I now take up taste. Some minerals have a sweet taste, for example, melitites and galactites; Samia earth and marl, an oily taste; nitrum, a bitter taste; halite, a salty taste; lime and spodos which is found in mines, an acrid taste; red ocher, an astringent taste; and certain earths which have absorbed an acidulous juice, an acidulous taste. Some minerals have a mixed or confused taste, for example, atramentum sutorium and related species which have both an astringent and acrid taste. One perceives the taste of congealed juices by placing them on the tongue, especially salt, alum, soda, iron sulphates, and related species. Earths which have absorbed these juices, as well as stones, are tested in the same way. Astringent earths adhere to the tongue. Some earths, if not all, when placed in a vessel, covered with sweet water, and then worked with the hands, give their taste to the water. The water will be found to have the same taste as the earth. A kind of juice is given off by certain stones such as hematite and schistos when they are ground in a mortar. Gems and the stones which melt in a fire do not give this kind of juice. Each metal has a distinctive taste which can be ascertained by placing water in a vessel made from the metal and allowing it to stand for a long time. The metal then gives its taste to the water. The taste of copper is very bitter and unpleasant, that of iron less so while the taste of tin is the weakest of all metals.

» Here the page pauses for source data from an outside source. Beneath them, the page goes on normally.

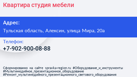 Квартира, студия мебели по адресу Тульская область, Алексин, улица Мира, 20а в дальнейшем Организация, размещена в следующих категориях:
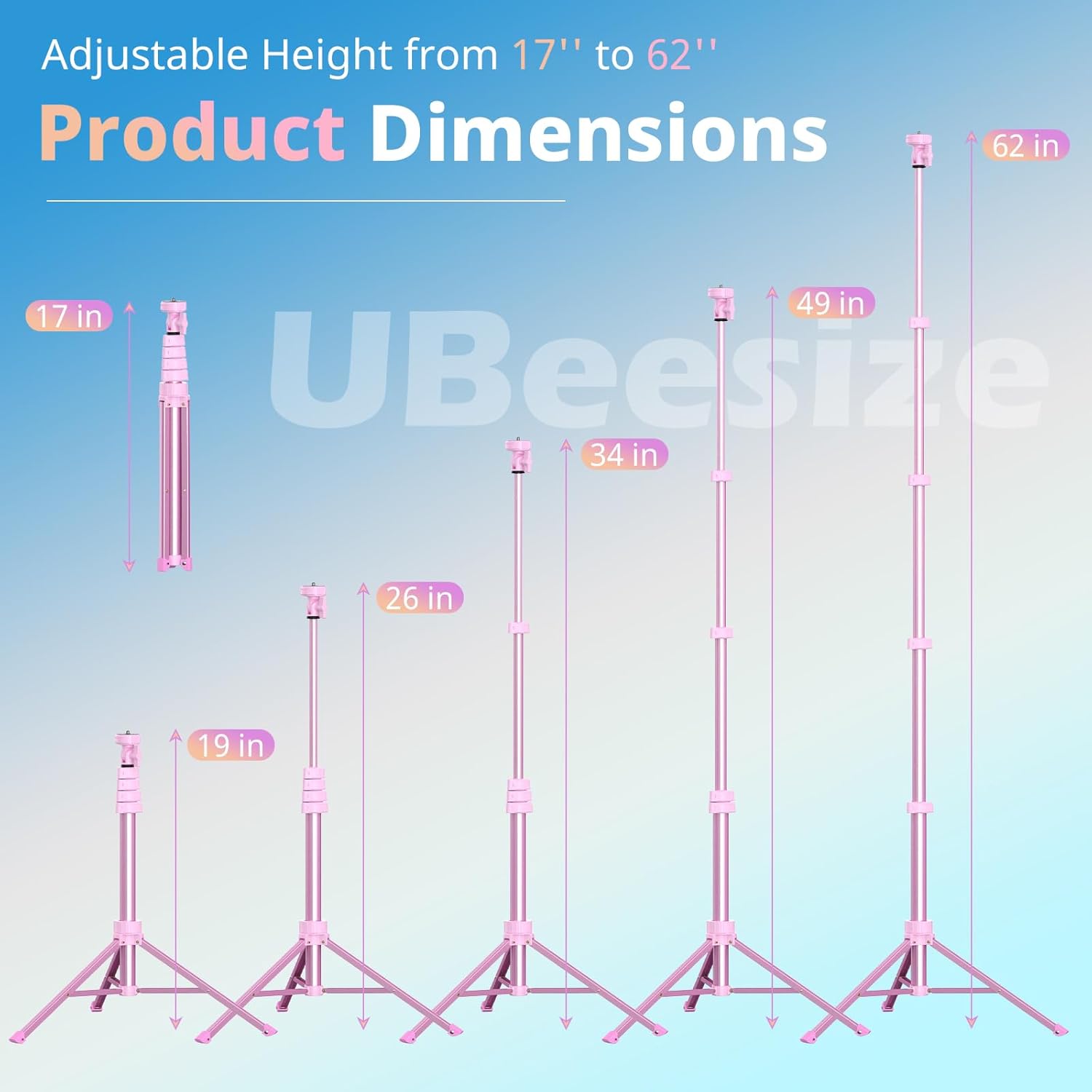 UBeesize 62" Phone Tripod & Selfie Stick, Camera Tripod Stand with Wireless Remote and Phone Holder,Compatible with iPhone Android Phone, Perfect for Selfies/Video Recording/Live Streaming Pink
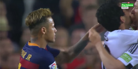 바라간과 발렌시아 선수들은 네이마르에 거칠게 항의했지만 이 장면은 심판에게 목격되지 않았다.
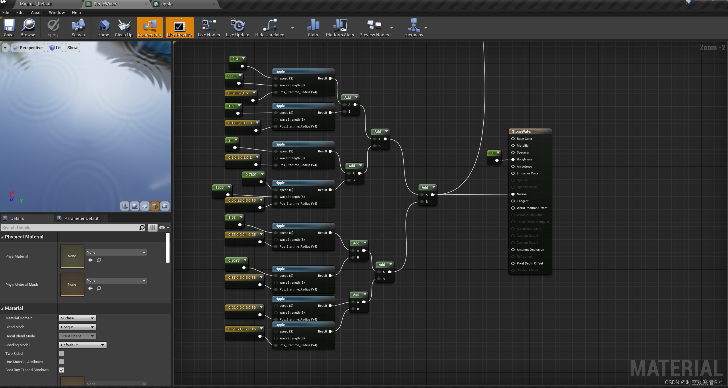 上面的做法有几个问题:1,用于地形时,显示不出来。原因是地形的UV是会超出1的,做如下修正:2,水波在UV边界被截断,暂不处理了,有几个办法:不让水波出现在UV边界上,或在世界空间指定水波位置,在二个相邻的水块中分别为半个水波指定发射位置,使两个块的水波在边界刚好对接成一个完整水波。...
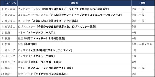 ご提供する講座は、ビジネススキルや教養を身につけるものからワインや美容などの趣味をテーマにしたものまで、幅広いラインナップをご用意しています。
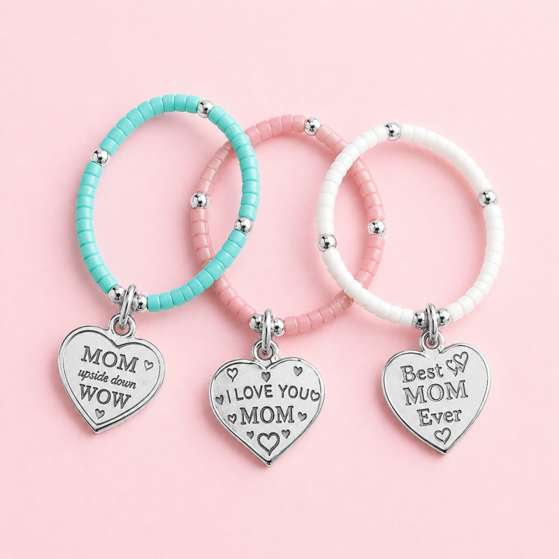 Elke ring is uniek en wordt met zorg samengesteld. Je kunt jouw favoriete kleur eenvoudig selecteren via de keuzelijst. De bedel is altijd een MOM variant, maar het exacte design kan iets verschillen.
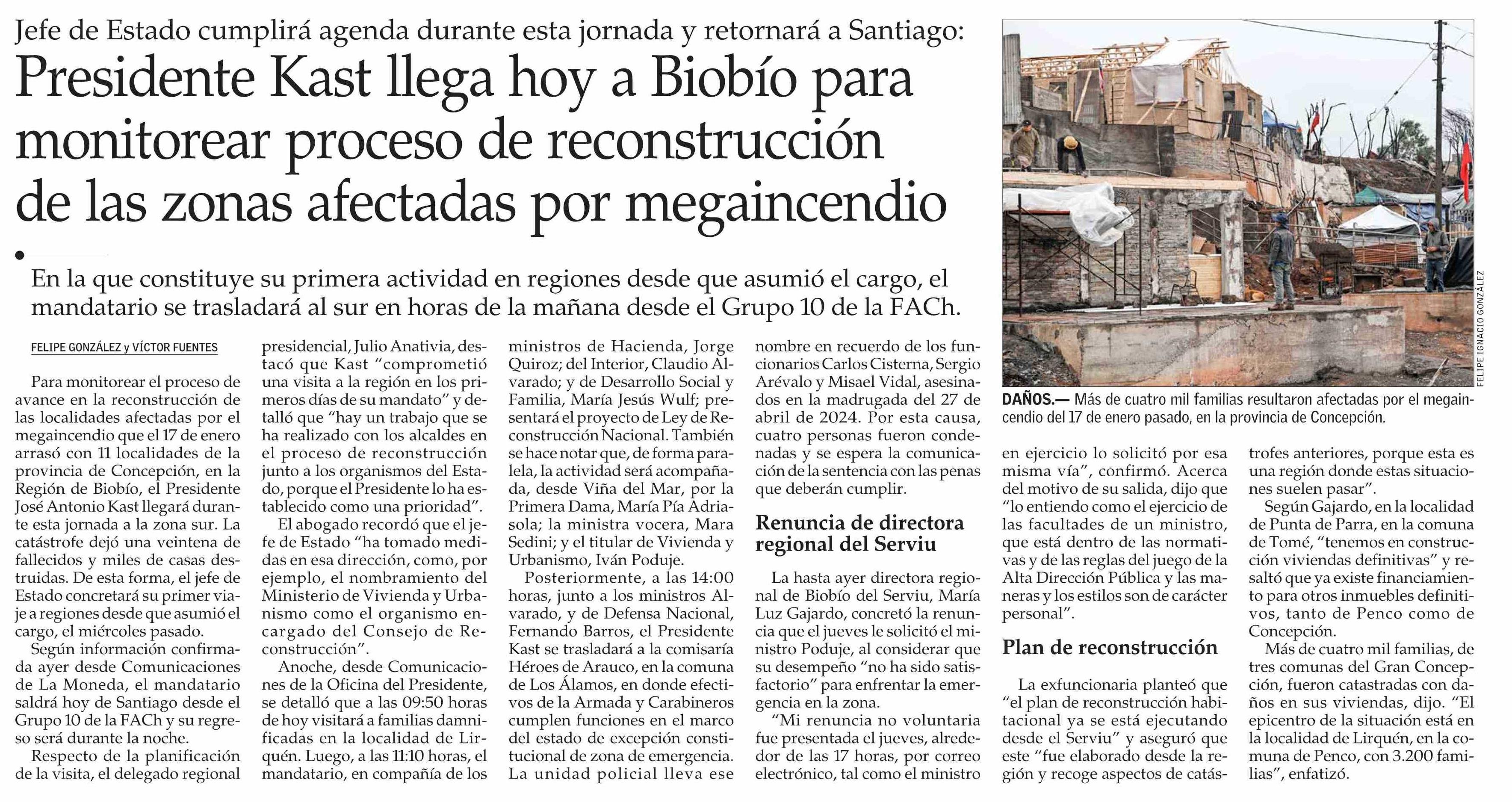 Presidente Kast llega hoy a Biobío para monitorear proceso de reconstrucción de las zonas afectadas por megaincendio
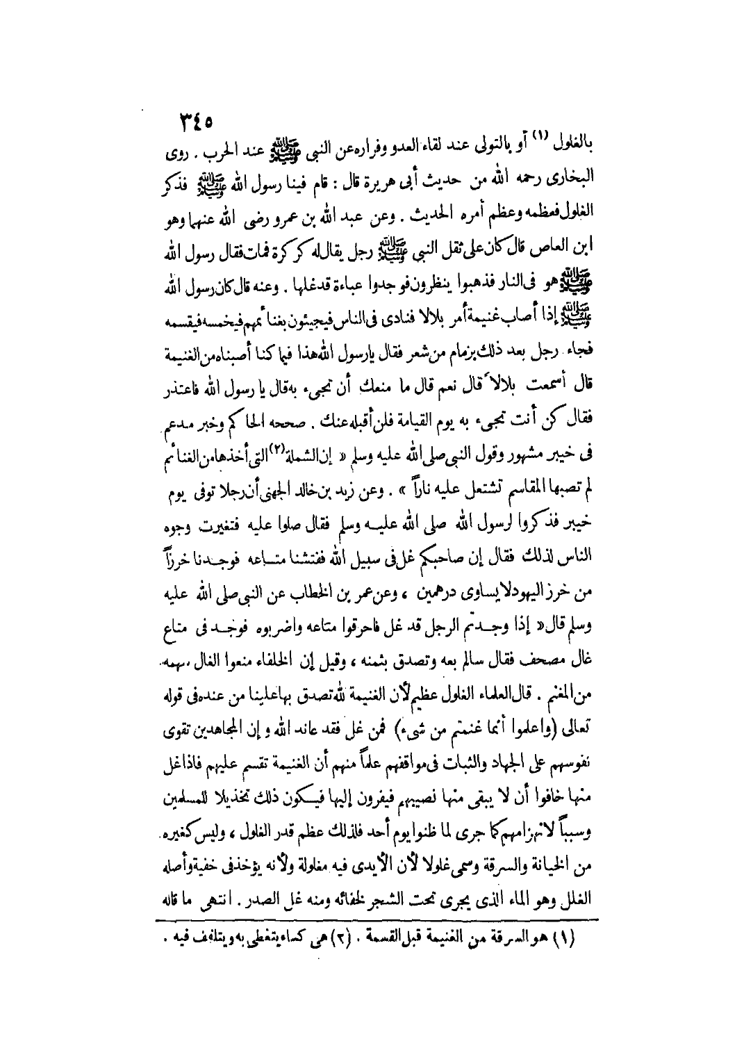 رَوَى الْبُخَارِيُّ - رَحِمَهُ اللَّهُ - مِنْ حَدِيثِ أَبِي هُرَيْرَةَ قَالَ: «قَامَ فِينَا رَسُولُ اللَّهِ - صَلَّى اللَّهُ عَلَيْهِ وَسَلَّمَ - فَذَكَرَ الْغُلُولَ فَعَظَّمَهُ وَعَظَّمَ أَمْرَهُ» الْحَدِيثَ. وَعَنْ عَبْدِ اللَّهِ بْنِ عَمْرٍو - رَضِيَ اللَّهُ عَنْهُمَا - وَهُوَ ابْنُ الْعَاصِ قَالَ «كَانَ عَلَى ثَقَلِ النَّبِيِّ - صَلَّى اللَّهُ عَلَيْهِ وَسَلَّمَ - رَجُلٌ يُقَالُ لَهُ: كِرْكِرَةُ فَمَاتَ فَقَالَ رَسُولُ اللَّهِ - صَلَّى اللَّهُ عَلَيْهِ وَسَلَّمَ - هُوَ فِي النَّارِ فَذَهَبُوا يَنْظُرُونَ فَوَجَدُوا عَبَاءَةً قَدْ غَلَّهَا» . وَعَنْهُ قَالَ «كَانَ رَسُولُ اللَّهِ - صَلَّى اللَّهُ عَلَيْهِ وَسَلَّمَ - إذَا أَصَابَ غَنِيمَةً أَمَرَ بِلَالًا فَنَادَى فِي النَّاسِ فَيَجِيئُونَ بِغَنَائِمِهِمْ فَيُخَمِّسُهُ فَيَقْسِمُهُ فَجَاءَ رَجُلٌ بَعْدَ ذَلِكَ بِزِمَامٍ مِنْ شَعْرٍ فَقَالَ يَا رَسُولَ اللَّهِ هَذَا فِيمَا كُنَّا أَصَبْنَاهُ مِنْ الْغَنِيمَةِ قَالَ أَسَمِعْتَ بِلَالًا قَالَ نَعَمْ قَالَ مَا مَنَعَكَ أَنْ تَجِيءَ بِهِ؟ قَالَ يَا رَسُولَ اللَّهِ فَاعْتَذَرَ، فَقَالَ كُنْ أَنْتَ تَجِيءُ بِهِ يَوْمَ الْقِيَامَةِ فَلَنْ أَقْبَلَهُ عَنْك» . صَحَّحَهُ الْحَاكِمُ.
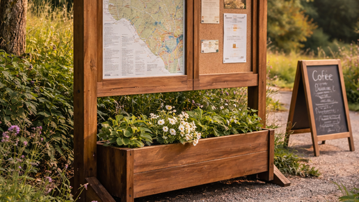 В реальности он решает сразу несколько задач: навигацию, коммуникацию с клиентом, формирование первого впечатления и визуальное позиционирование бизнеса или пространства. Именно поэтому запросы вроде «уличный стенд», «деревянный информационный стенд», «стенд для улицы» стабильно растут — их ищут не из любопытства, а под конкретную задачу. Разберём, что на самом деле подразумевается под уличным деревянным стендом, где он используется и как выбрать вариант, который будет работать, а не просто стоять...

The odor which minerals give off according to their strength and nature will be considered next. That of sory is so foul it causes nausea. Certain minerals have an odor when struck with an iron or stone. Treated in this way the Hildesheim marble gives off an odor of burning horn. Recently a silver vein has been discovered in a prospect named St. Fabius and St. Sebastian near Marienburg and the ore from this vein, when broken in the mine or after it is carried outside, gives off an odor which is pleasing to everyone. Prince Henry, who was present at the time the vein was discovered, was so pleased that he exclaimed, "This is Calcutta, India." Aromatic gums come to us from that city. An odor is also obtained from some minerals by crushing them in a mortar. Realgar, treated in this way, gives off an odor of sulphur. Certain minerals give off an odor when burnt in a fire, for example, realgar has an odor of sulphur; amber, for the most part, of myrrh; jet, of bitumen. Camphor has an acrid odor and the fire which heats it increases its pungency as it is carried upward to the cover of the vessel. Stones and earths which do not contain bitumen give off almost no odor when thrown on a fire. When heated gold has a sweet odor which is detected with difficulty; silver a somewhat fetid odor; copper and iron a fetid odor; lead, bismuth, and zinc a dull odor. Many mixed minerals smell of bitumen, many of sulphur. Some cadmia fossilis has an odor of garlic. The geodes from Misena, the stone from Berninger and fragments of a rock from Aldenberg have an odor of violets which comes, not from the stone, but from the adhering moss.

Minerals have warmth and coolness, moisture and dryness. To anyone who touches minerals lightly almost all appear to be cold but there are many which warm the body if they are held against it for a long time. Some minerals are warm, having been heated by the fires which rage within the earth. This genus is commonly found in fiery localities. Sometimes a mild subterranean heat warms them, for example, the vein recently found in the Joachimsthal valley and named the "Stella" and the vein found some years ago at Annaberg and named the "Obliqua." But this mild heat found in minerals is not excessive for the miners working in pits and mines usually do not notice it. But when ore is first brought out to the air, if it is in the form of small pieces so that the hands can be buried in it, the ore not only heats them but burns them painfully for a short time. Any very hard stones which are naturally cool become warm when rubbed or pounded together. The same is true of metals.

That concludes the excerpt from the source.